Ms. García welcomes customers to La Casa de la Santísima Yerberia in the town of Pharr, near McAllen, next to two imposing statues of La Santísima Muerte, skeletons each wearing red and black robes. Ms. García reminds people that while the image of La Santísima, a Latina version of the Grim Reaper, may evoke frightening emotions, death should be revered.

“If you pray to her well, she can heal and bring love, freedom and wealth,” she said. “I only ask her for positive things.” (She laments that criminal elements along the border and in Mexico have appropriated the image.)

On a recent afternoon, Jocelyn Acevedo, 27, a regular customer of hers who runs a credit repair service, arrived for her monthly limpia. She heard about Ms. García four years ago, and after the first limpia, she said, she watched her business begin to flourish. She was so convinced by the session that she has since regularly driven 60 miles from nearby Starr County, near the Rio Grande, for her sessions. She now has a tattoo of La Santísima.

Ms. García instructed Ms. Acevedo to rub three coconuts all over her body. Ms. García then broke them on the ground to release the negative energy her client was carrying.

“Did it work? Of course,” Ms. Acevedo said.

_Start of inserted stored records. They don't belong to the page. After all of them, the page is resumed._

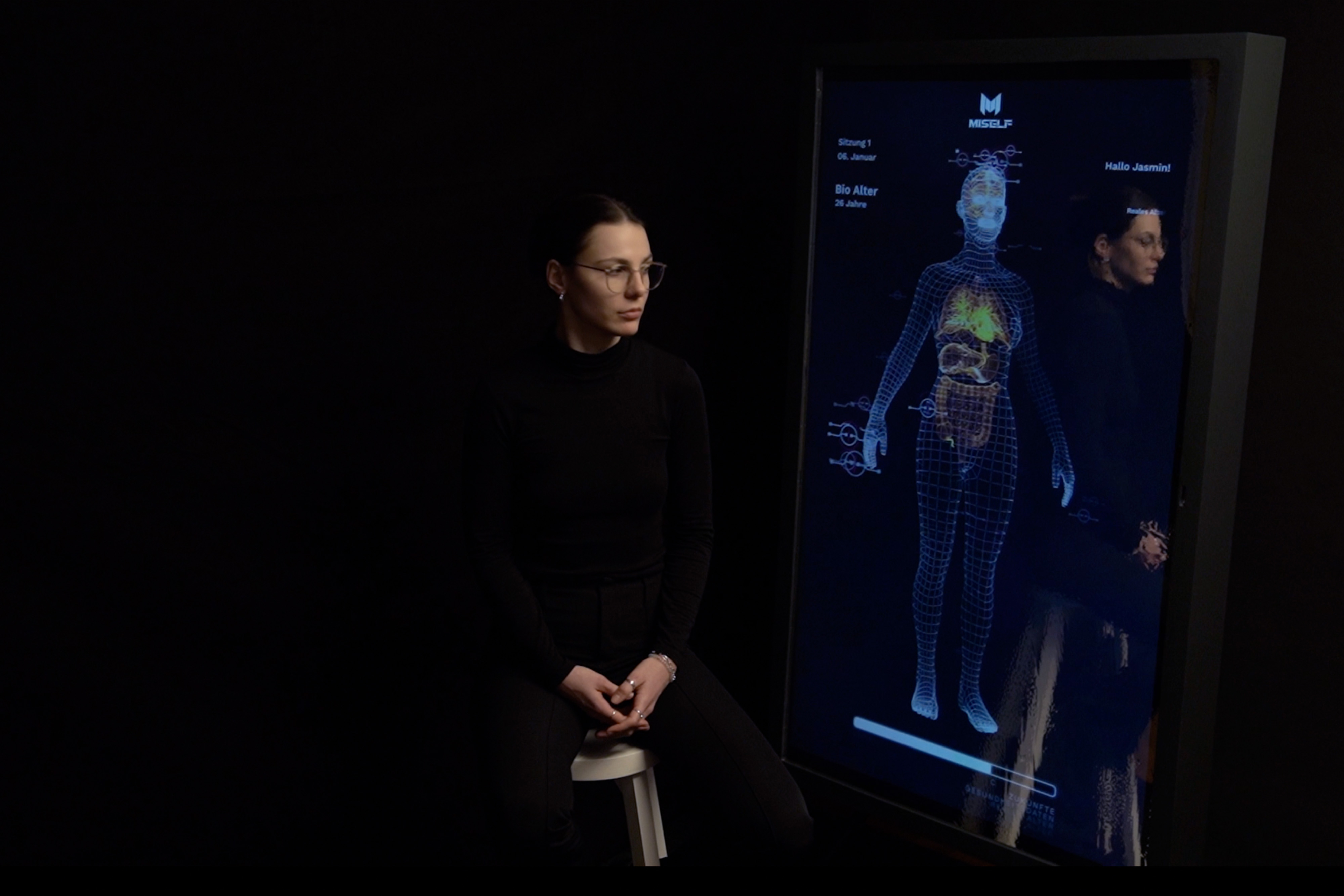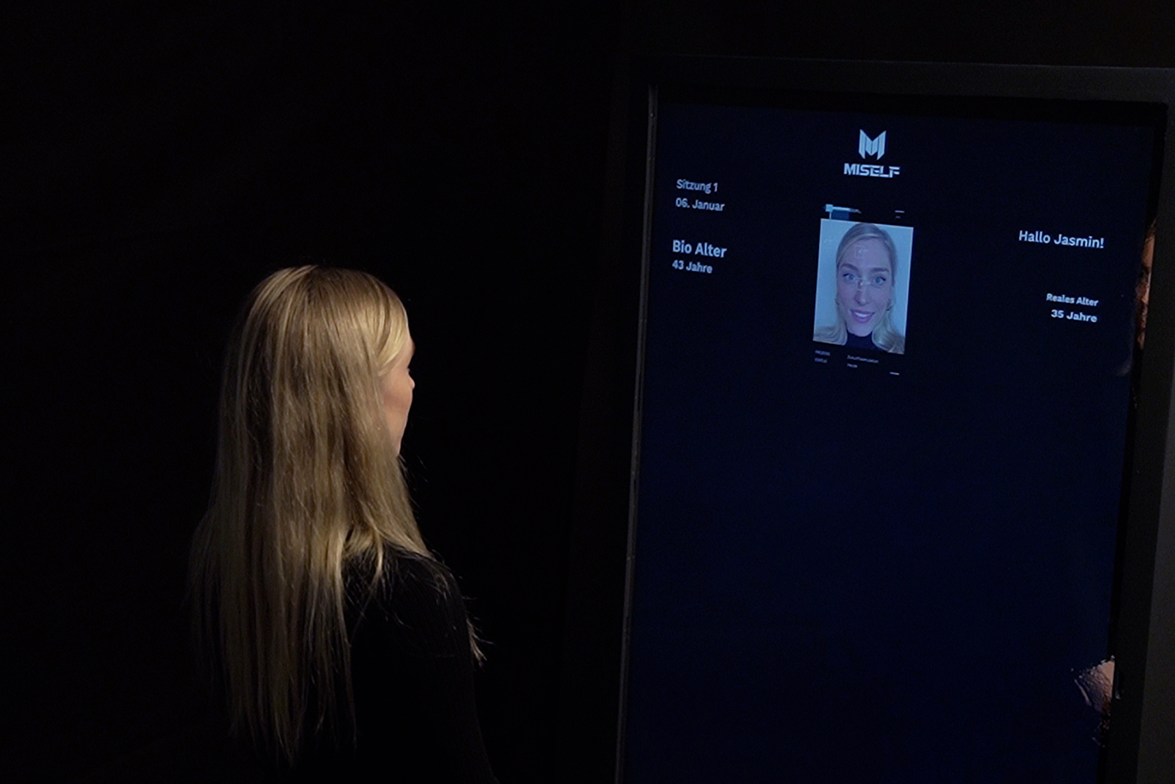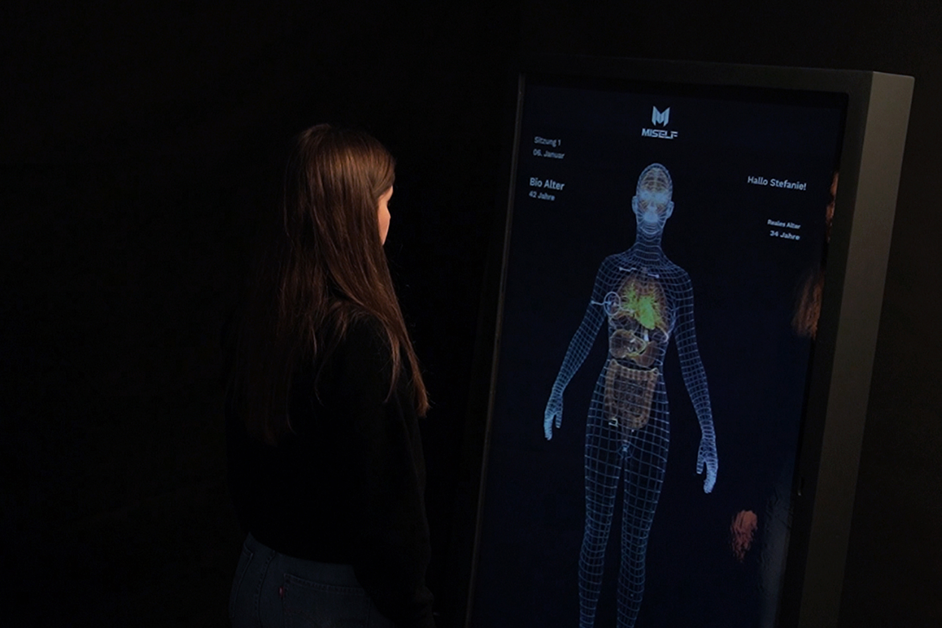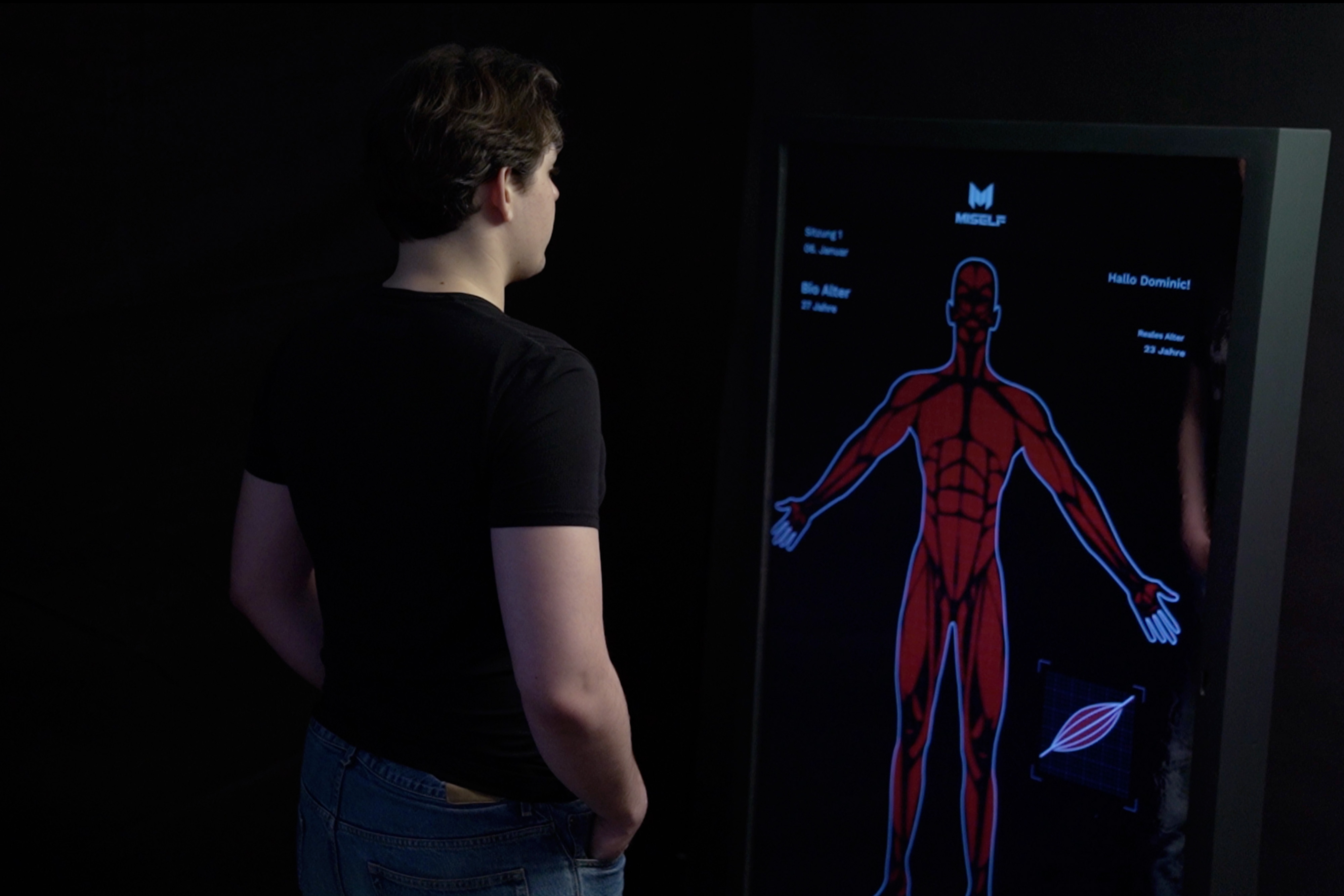 Miself ist ein Smart Mirror. Unter dem Aspekt des aktiven Alterns und der Motivationssteigerung ist ein Prototyp entstanden. Darin wurden verschiedene Visualisierungsformen eines digitalen Zwillings des Menschen integriert und potenzielle Zukünfte in Bezug auf Gesundheitsvorhaben simuliert.
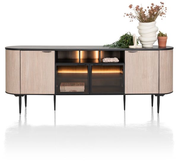 Aramon, buffet 210 cm. - 2-portes + 2-portes en verre + 3-niches (+ LED)
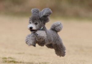 A miniature grey poodleWe called him “Kimmings”. He was officially a silver poodle, but when very young he was black. I have a vivid memory of sitting behind the front passenger seat craning my neck in excitement to look at my mother in front, with this tiny bundle of black wool on her lap – our new puppy. I was fascinated by him and couldn’t take my eyes off him.
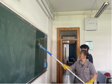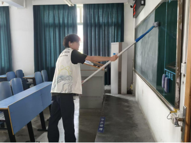 经过志愿者与保洁员的共同努力,教一楼教室焕然一新:黑板光洁透亮、桌椅整齐洁净、地面清爽无尘,为师生构建了舒心高效的学习空间。此次劳动实践不仅是一堂生动的劳动教育课,更让同学们在躬身实践中切身体悟到保洁工作的辛劳与不易,进一步增强了尊重劳动、珍惜成果、爱护校园的责任担当。
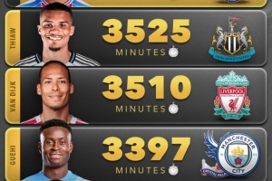 3、范戴克(利物浦):3510分钟
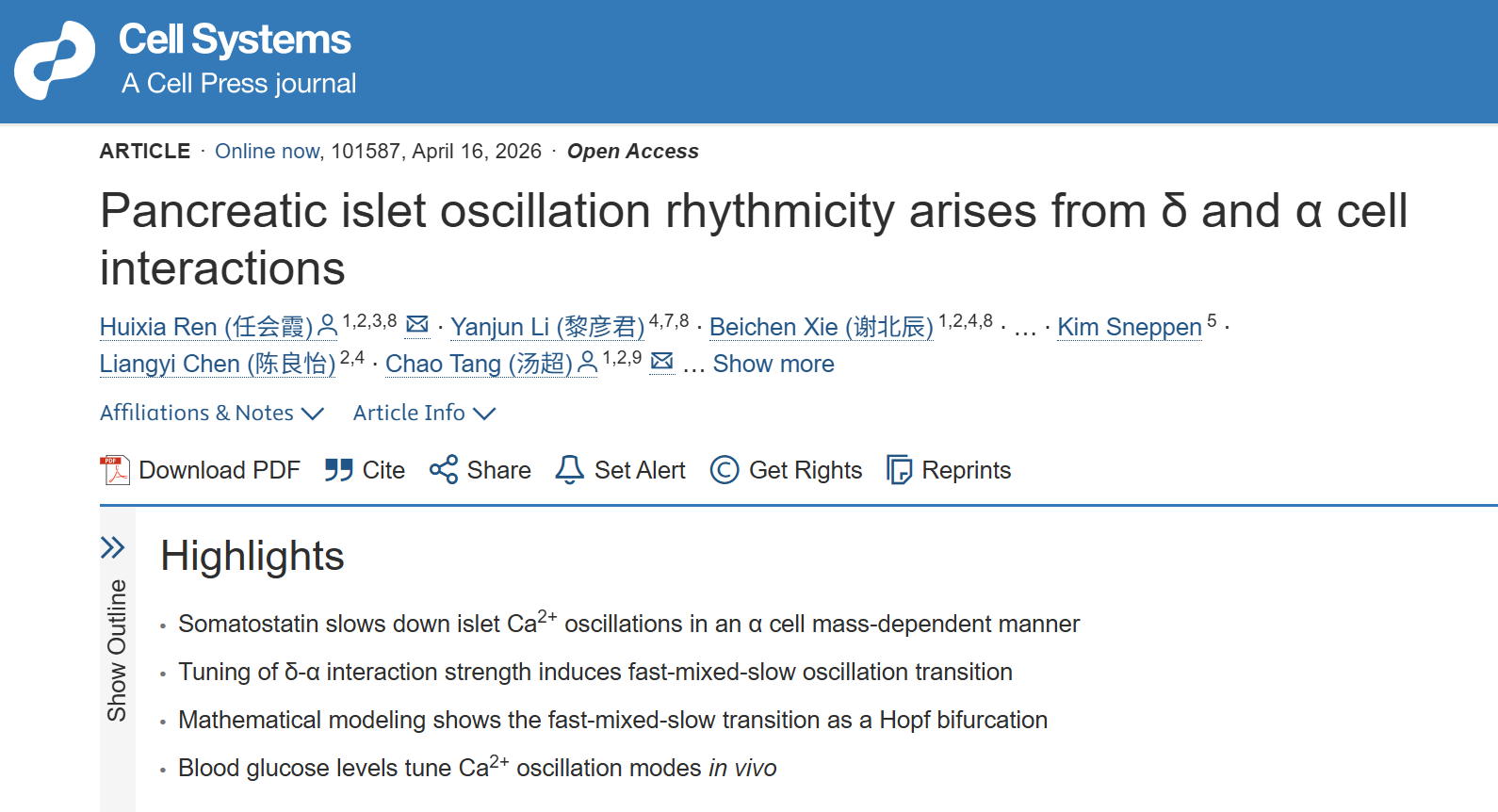 Recently, Huixia Ren's team from Chinese Institutes for Medical Research (CIMR), Beijing published an article titled "Pancreatic islet oscillation rhythmicity arises from δ and α cell interactions" in the journal Cell Systems.

In addition to the old ways, Ms. García has also embraced a touch of modernity, including consultations now offered via FaceTime. Her customers have responded with their own offerings from popular culture, including a sign they brought along that now hangs on the front door: “Witch Parking Only.”

“No one is listening,” Ms. García said, smiling. “The word may be becoming more modern, but we curanderas are still here. Just don’t park in my spot.”